This visual reference is just as common in male characters, principally vampyric or monstrous villains or dark superheroes such as those found in the Batman films,[21] the Blade films,[22] Van Helsing,[23] the X-Men films[24] and even Terence Stamp in Superman II.[25]  Much of the fetish ‘look’ of these characters, both male and female, owes a lot to the comic books and graphic novels from which many are derived.  The look, and even behaviours, of BDSM and the fetish culture seem evident in many examples in this form of story-telling.  A female submissive, when describing her response to such films asked: ‘Were the artists [of graphic novels] interested in BDSM and drawing their ideals, or has fetish clothing drawn from teenage fantasy images?’  It is an interesting question; which came first, the gothic, fetishist images of the graphic novel or the distinctive costuming of the BDSM community?  I will not be dealing with this particular question here, but the respondent’s personal feeling was that ‘The costume and imagery link with a perception of a kinkier, darker sensuality that is now part of our consciousness.’  She is recognising the look of these films as signifiers of something menacing yet erotic, something that suggests that which is forbidden yet desired, the territory of the dark anti-hero.  She believes that we understand these signifiers implicitly; they have entered the schemata that we employ to interpret the narrative media.

As far as some within the BDSM community are concerned, a lot of pleasure is taken in the viewing of these images on screen, with several replies to my questionnaire expressing a fondness for the latex or leather outfits of certain superheroes.  Some clearly recognised the dominant ideology that allows the dark superhero success in his/her goal, whilst the sadomasochist must be restricted or punished.  As one male submissive wrote:  

These [the heroic characters] are often better than truly sadomasochistic characters, as one can enjoy the costume and the attitude of the characters without the expectation of their come-uppance. A great example is Jennifer Garner in Alias: she looks like a Domme, she acts (sometimes) like a Domme, but because she is doing it for duty rather than sexual pleasure, she is permitted to succeed.

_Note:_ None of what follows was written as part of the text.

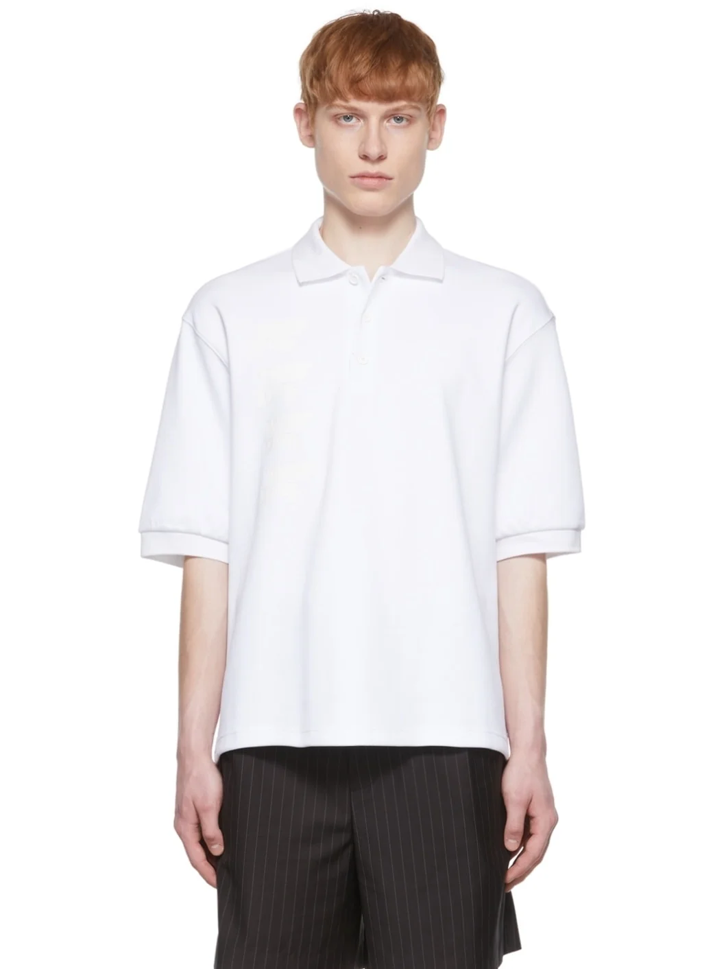 Cotton and polyester-blend pique polo. · Three-button placket · Logo flocked at chest · Logo printed at front · Vented side-seams · Rib knit spread collar and cuffs Supplier color: White Body: 88% cotton, 12% polyester. Trim: 90% cotton, 10% polyurethane. Made in South Korea 221327M212001

She is not, in other words, a sexual pervert as perceived by the public.  She is a powerful, highly sexualised female stereotype, the contemporary femme fatale, but without sin and therefore without punishment.  The conventional femme fatale, the archetype found notably in post-war Hollywood, had access, as Janey Place puts it, to ‘her own sexuality (and thus to men’s) and the power that this access unlocked.’[26]  She is aware of and employs the power of her own sexuality, in tandem with another form of law-breaking, usually a crime of some kind such as theft, adultery or murder.  In the patriarchal order, in which the sexually independent woman is a threat, this ‘dark’ woman is punished, often even killed, for her transgressions.  One contemporary rendition of the femme fatale, identified here as a covert version of the Vamp Dominatrix, diverts her power and energy into laudable goals, such as the saving of humankind or the fighting of crime.  The external signs of the powerful woman in this character are not accompanied by ‘wrongdoing,’ so unlike the traditional femme fatale, she is not punished.

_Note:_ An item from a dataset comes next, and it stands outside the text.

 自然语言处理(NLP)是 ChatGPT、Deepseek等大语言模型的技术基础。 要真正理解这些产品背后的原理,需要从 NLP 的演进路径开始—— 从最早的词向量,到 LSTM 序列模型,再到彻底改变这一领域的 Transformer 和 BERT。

The apparent popularity of this character construction, and of the female dominant generally, was considered by one of the male dominants who responded to the questionnaire.  Starting from a position that the media is a male-dominated ‘market,’ he writes: ‘there is a natural need to feed that market.  And what with? Imagery of the breast so fondly suckled.’  Fascination with the powerful woman, he believes, is down to ‘male-mothering fantasies.’  He asks:

Who is the person in the male’s formative years, that administers most punishments, physical or emotional?  Mommy.  Who is the person who administers most of the cuddles, of lovey-icky stuff?  Again Mommy. […] Mommy is the one we need to feel proud of us, as we mature into work-drone.

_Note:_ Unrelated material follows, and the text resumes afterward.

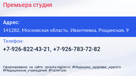 Премьера, студия по адресу 141282, Московская область, Ивантеевка, Рощинская, 9 в дальнейшем Организация, размещена в следующих категориях:

This response reveals a particular understanding of heterosexual male fantasy, that it revolves around what psychoanalysis might describe as a pre-Oedipal desire for Mother.  The Vamp Dominatrix fulfils the role of punishing mother, and her presence in the media, whether overtly as a sadist character or covertly as the powerful, sexualised woman, might suggest that, indeed, she serves a widespread male fantasy.  However, as the same respondent went on to note, she is celebrated by female performers, such as Madonna’s recent live show in which she re-enacted pony play on stage with four young men in reins.  This kind of construction of the Vamp Dominatrix implies an embracing of the stereotype and the power it lends to the woman herself.  Although there is not space here to investigate this, a feminist analysis of the female celebration of this stereotype should be conducted.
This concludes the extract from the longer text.